3D (three-dimensional) imaging capsule endoscope system and method based on structured light

Technical Field

The invention relates to the technical field of medical equipment, in particular to a 3D (three-dimensional) imaging capsule endoscope system and method based on structured light.

Background

The existing wireless capsule endoscope enters the alimentary canal through a human body garment, and the alimentary canal wriggle provides power for the endoscope so that the endoscope can move in the alimentary canal, thereby completing the shooting of images of the alimentary canal and transmitting the images to the outside of the body for displaying through a wireless transmission system.
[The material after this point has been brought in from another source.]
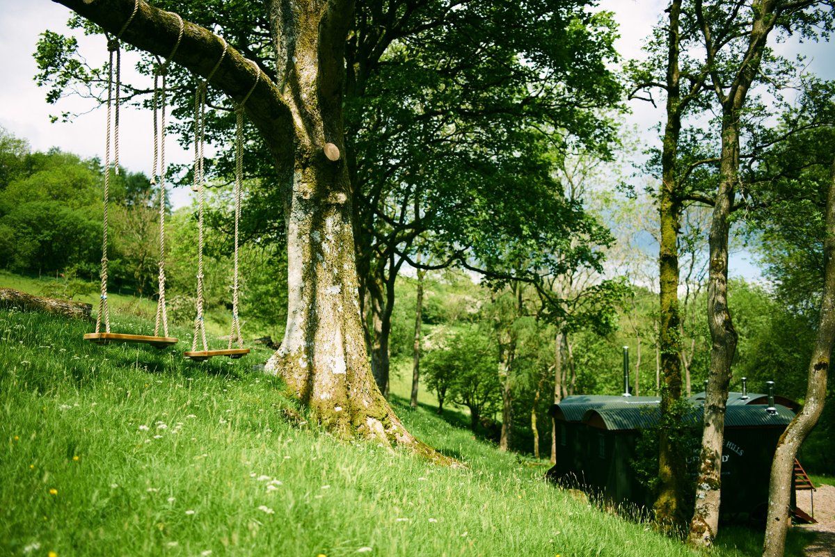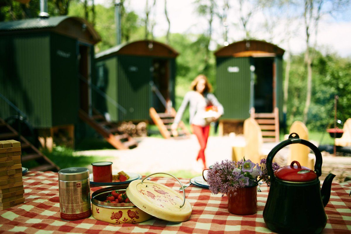 In a woodland clearing in the Black Mountains, a collection of shepherd huts provide off-grid accommodation for small groups of adventurous travellers.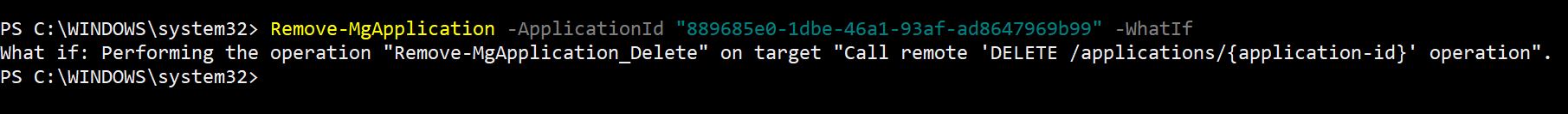 Remove-MgApplication -ApplicationId "12345678-90ab-cdef-1234-567890abcdef" -WhatIf

The images acquired by the wireless capsule endoscope widely used in the market at present are only two-dimensional static, and the real situation of three-dimensional images in the alimentary canal cannot be displayed comprehensively and clearly. To solve this problem, chinese patent "virtual reality capsule endoscope" with patent publication No. CN104720735A, which designs a capsule endoscope that uses two image capturing cameras in a capsule to simulate the left and right eyes of a human, and a wireless transmission module transmits image data to a display module, so that a doctor can have a 3D effect by wearing special glasses. The scheme only simulates the human eye imaging effect, is not real 3D display, cannot acquire the digestive tract information in all directions, and needs to be provided with special glasses, so that the cost is high;

chinese patent CN104939793A, whose publication number is CN104939793A, discloses a focus-adjustable 3-D capsule endoscope system based on a liquid lens, which uses a focus-adjustable capsule endoscope system to obtain clear sequence images at different focal lengths, then uses a three-dimensional reconstruction algorithm to process the sequence images, and calculates to obtain three-dimensional information of a photographed target, thereby obtaining three-dimensional stereo imaging. However, the technology performs three-dimensional reconstruction by using the sequence images, can only obtain three-dimensional images under a certain viewing angle, cannot obtain three-dimensional stereo imaging of the whole digestive tract, and needs repeated focusing, and has a complex structure and high requirements on a control system.

Disclosure of Invention

The invention aims to provide a 3D (three-dimensional) imaging capsule endoscope system and a method based on structured light, which can display the internal information of the alimentary canal in an omnibearing manner and are convenient for doctors to diagnose more accurately and effectively.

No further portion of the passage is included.